EXERCISE REQUIREMENTS » Every entry is to be returned exactly as it stands; the pictures are to be dropped.
* * * * *
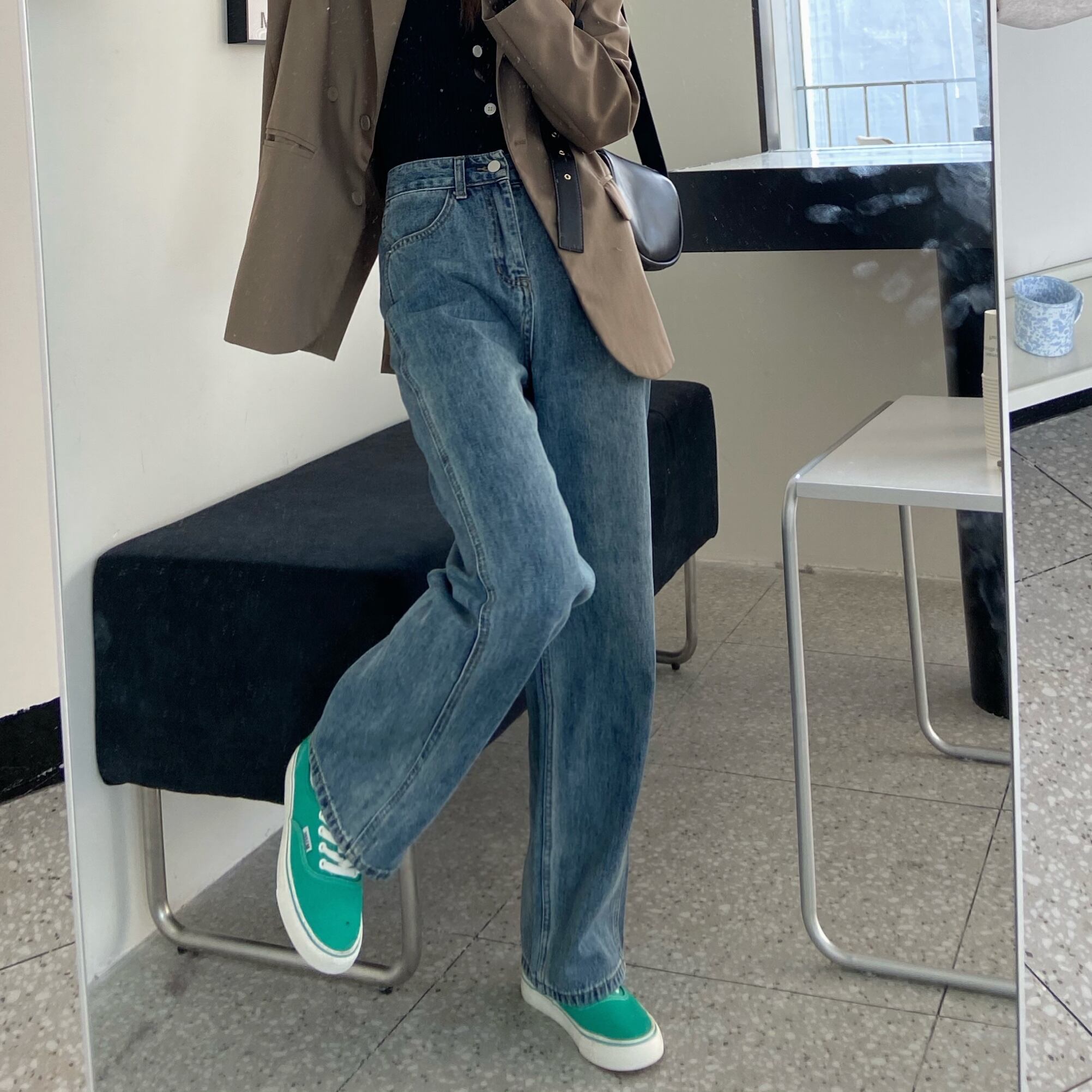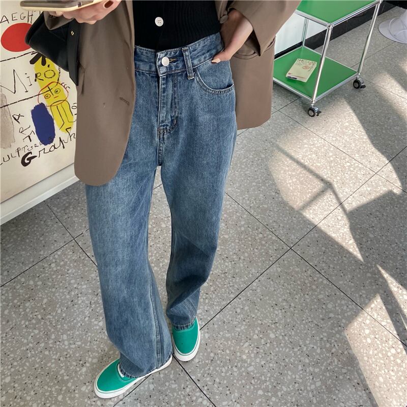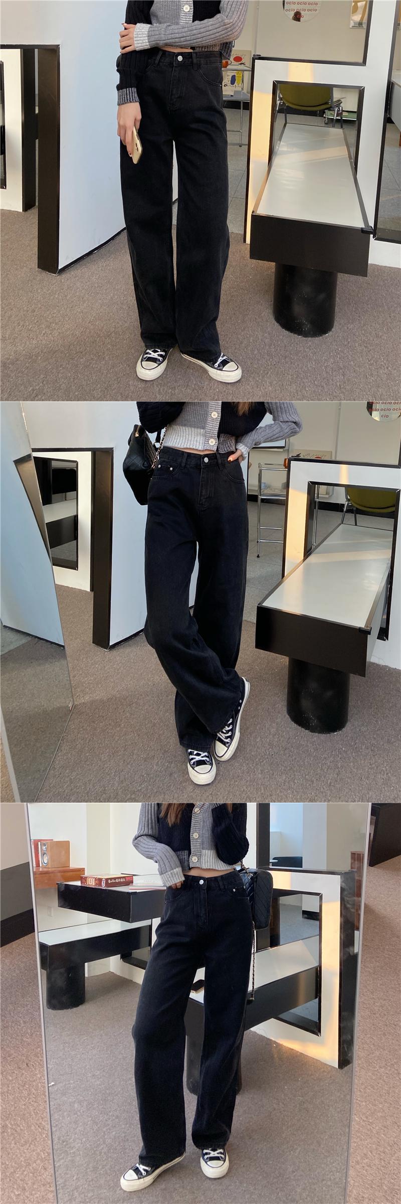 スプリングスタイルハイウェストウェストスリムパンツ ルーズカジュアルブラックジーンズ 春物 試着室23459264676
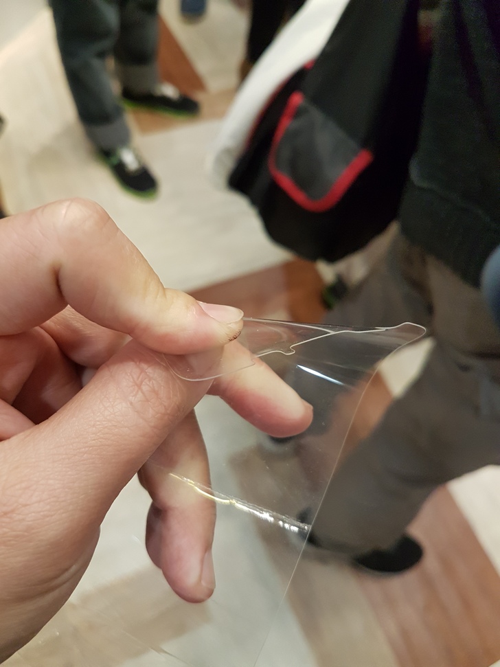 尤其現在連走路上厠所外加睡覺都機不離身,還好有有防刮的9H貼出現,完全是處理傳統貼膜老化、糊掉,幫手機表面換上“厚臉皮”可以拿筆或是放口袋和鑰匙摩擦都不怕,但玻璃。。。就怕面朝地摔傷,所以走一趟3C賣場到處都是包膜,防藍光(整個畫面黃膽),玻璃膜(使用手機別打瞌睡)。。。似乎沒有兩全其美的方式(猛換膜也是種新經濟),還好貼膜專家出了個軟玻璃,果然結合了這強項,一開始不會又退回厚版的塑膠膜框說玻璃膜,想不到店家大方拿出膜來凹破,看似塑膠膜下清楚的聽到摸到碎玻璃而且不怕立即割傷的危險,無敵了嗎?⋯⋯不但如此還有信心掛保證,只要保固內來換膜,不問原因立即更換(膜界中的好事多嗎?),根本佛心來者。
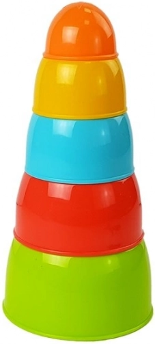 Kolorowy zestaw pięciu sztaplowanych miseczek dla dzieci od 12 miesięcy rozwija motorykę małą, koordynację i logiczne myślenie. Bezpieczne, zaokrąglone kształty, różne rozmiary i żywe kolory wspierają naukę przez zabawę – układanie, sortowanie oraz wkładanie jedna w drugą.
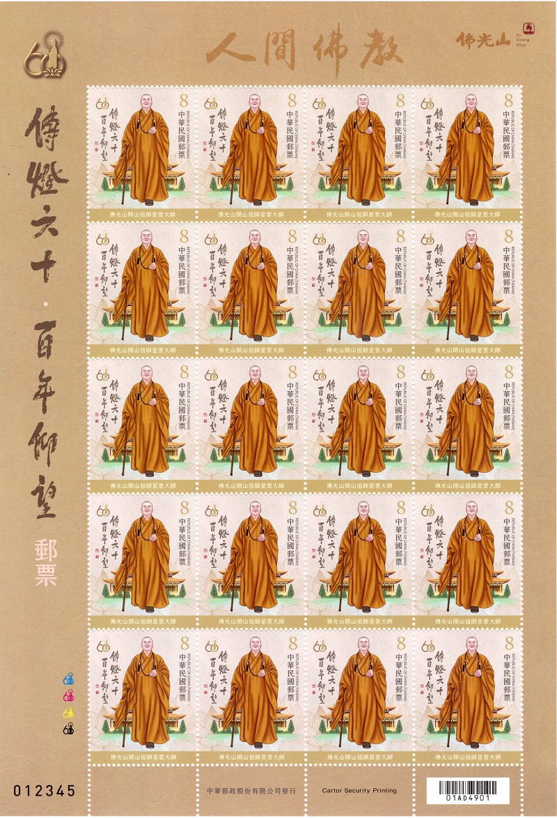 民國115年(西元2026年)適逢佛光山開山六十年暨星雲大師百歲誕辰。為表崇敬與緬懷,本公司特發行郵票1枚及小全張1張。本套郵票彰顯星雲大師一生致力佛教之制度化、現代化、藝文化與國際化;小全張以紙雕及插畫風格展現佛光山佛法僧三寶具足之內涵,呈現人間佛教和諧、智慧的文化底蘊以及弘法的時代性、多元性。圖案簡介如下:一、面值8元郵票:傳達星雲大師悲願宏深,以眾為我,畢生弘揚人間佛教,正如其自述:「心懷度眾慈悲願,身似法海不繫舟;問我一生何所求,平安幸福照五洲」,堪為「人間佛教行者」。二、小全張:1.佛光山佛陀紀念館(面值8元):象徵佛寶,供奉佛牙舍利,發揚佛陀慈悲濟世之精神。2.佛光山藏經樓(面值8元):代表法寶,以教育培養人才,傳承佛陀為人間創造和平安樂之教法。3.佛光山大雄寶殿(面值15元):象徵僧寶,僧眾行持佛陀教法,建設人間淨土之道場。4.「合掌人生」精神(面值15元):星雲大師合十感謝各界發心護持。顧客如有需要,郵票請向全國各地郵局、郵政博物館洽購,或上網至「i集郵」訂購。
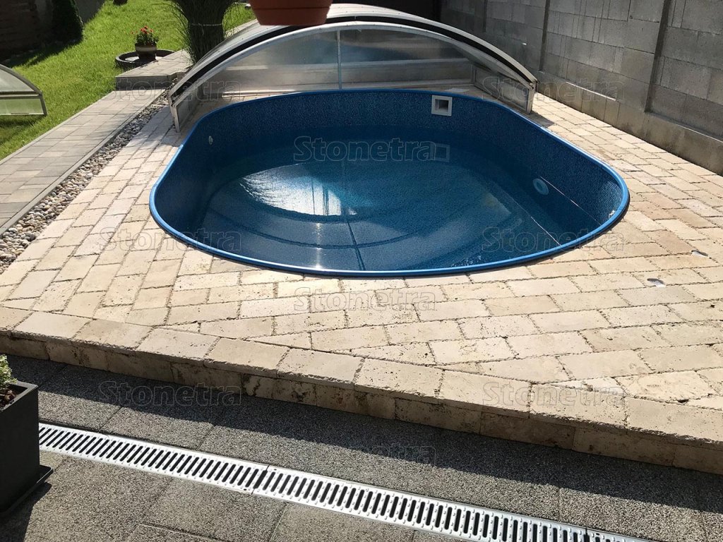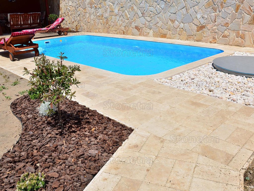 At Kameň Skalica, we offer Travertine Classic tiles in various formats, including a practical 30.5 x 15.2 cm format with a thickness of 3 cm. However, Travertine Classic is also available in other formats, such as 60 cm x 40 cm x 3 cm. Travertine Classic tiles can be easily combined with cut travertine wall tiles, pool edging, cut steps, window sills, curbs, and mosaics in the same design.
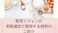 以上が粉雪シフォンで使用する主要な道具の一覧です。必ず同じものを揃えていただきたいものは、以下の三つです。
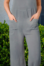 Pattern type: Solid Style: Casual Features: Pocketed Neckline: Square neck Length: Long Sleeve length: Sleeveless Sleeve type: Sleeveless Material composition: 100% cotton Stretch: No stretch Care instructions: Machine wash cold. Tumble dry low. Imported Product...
* * * * *
ANSWER AREA »
 スプリングスタイルハイウェストウェストスリムパンツ ルーズカジュアルブラックジーンズ 春物 試着室23459264676
 尤其現在連走路上厠所外加睡覺都機不離身,還好有有防刮的9H貼出現,完全是處理傳統貼膜老化、糊掉,幫手機表面換上“厚臉皮”可以拿筆或是放口袋和鑰匙摩擦都不怕,但玻璃。。。就怕面朝地摔傷,所以走一趟3C賣場到處都是包膜,防藍光(整個畫面黃膽),玻璃膜(使用手機別打瞌睡)。。。似乎沒有兩全其美的方式(猛換膜也是種新經濟),還好貼膜專家出了個軟玻璃,果然結合了這強項,一開始不會又退回厚版的塑膠膜框說玻璃膜,想不到店家大方拿出膜來凹破,看似塑膠膜下清楚的聽到摸到碎玻璃而且不怕立即割傷的危險,無敵了嗎?⋯⋯不但如此還有信心掛保證,只要保固內來換膜,不問原因立即更換(膜界中的好事多嗎?),根本佛心來者。
 Kolorowy zestaw pięciu sztaplowanych miseczek dla dzieci od 12 miesięcy rozwija motorykę małą, koordynację i logiczne myślenie. Bezpieczne, zaokrąglone kształty, różne rozmiary i żywe kolory wspierają naukę przez zabawę – układanie, sortowanie oraz wkładanie jedna w drugą.
 民國115年(西元2026年)適逢佛光山開山六十年暨星雲大師百歲誕辰。為表崇敬與緬懷,本公司特發行郵票1枚及小全張1張。本套郵票彰顯星雲大師一生致力佛教之制度化、現代化、藝文化與國際化;小全張以紙雕及插畫風格展現佛光山佛法僧三寶具足之內涵,呈現人間佛教和諧、智慧的文化底蘊以及弘法的時代性、多元性。圖案簡介如下:一、面值8元郵票:傳達星雲大師悲願宏深,以眾為我,畢生弘揚人間佛教,正如其自述:「心懷度眾慈悲願,身似法海不繫舟;問我一生何所求,平安幸福照五洲」,堪為「人間佛教行者」。二、小全張:1.佛光山佛陀紀念館(面值8元):象徵佛寶,供奉佛牙舍利,發揚佛陀慈悲濟世之精神。2.佛光山藏經樓(面值8元):代表法寶,以教育培養人才,傳承佛陀為人間創造和平安樂之教法。3.佛光山大雄寶殿(面值15元):象徵僧寶,僧眾行持佛陀教法,建設人間淨土之道場。4.「合掌人生」精神(面值15元):星雲大師合十感謝各界發心護持。顧客如有需要,郵票請向全國各地郵局、郵政博物館洽購,或上網至「i集郵」訂購。
 At Kameň Skalica, we offer Travertine Classic tiles in various formats, including a practical 30.5 x 15.2 cm format with a thickness of 3 cm. However, Travertine Classic is also available in other formats, such as 60 cm x 40 cm x 3 cm. Travertine Classic tiles can be easily combined with cut travertine wall tiles, pool edging, cut steps, window sills, curbs, and mosaics in the same design.
 以上が粉雪シフォンで使用する主要な道具の一覧です。必ず同じものを揃えていただきたいものは、以下の三つです。
 Pattern type: Solid Style: Casual Features: Pocketed Neckline: Square neck Length: Long Sleeve length: Sleeveless Sleeve type: Sleeveless Material composition: 100% cotton Stretch: No stretch Care instructions: Machine wash cold. Tumble dry low. Imported Product...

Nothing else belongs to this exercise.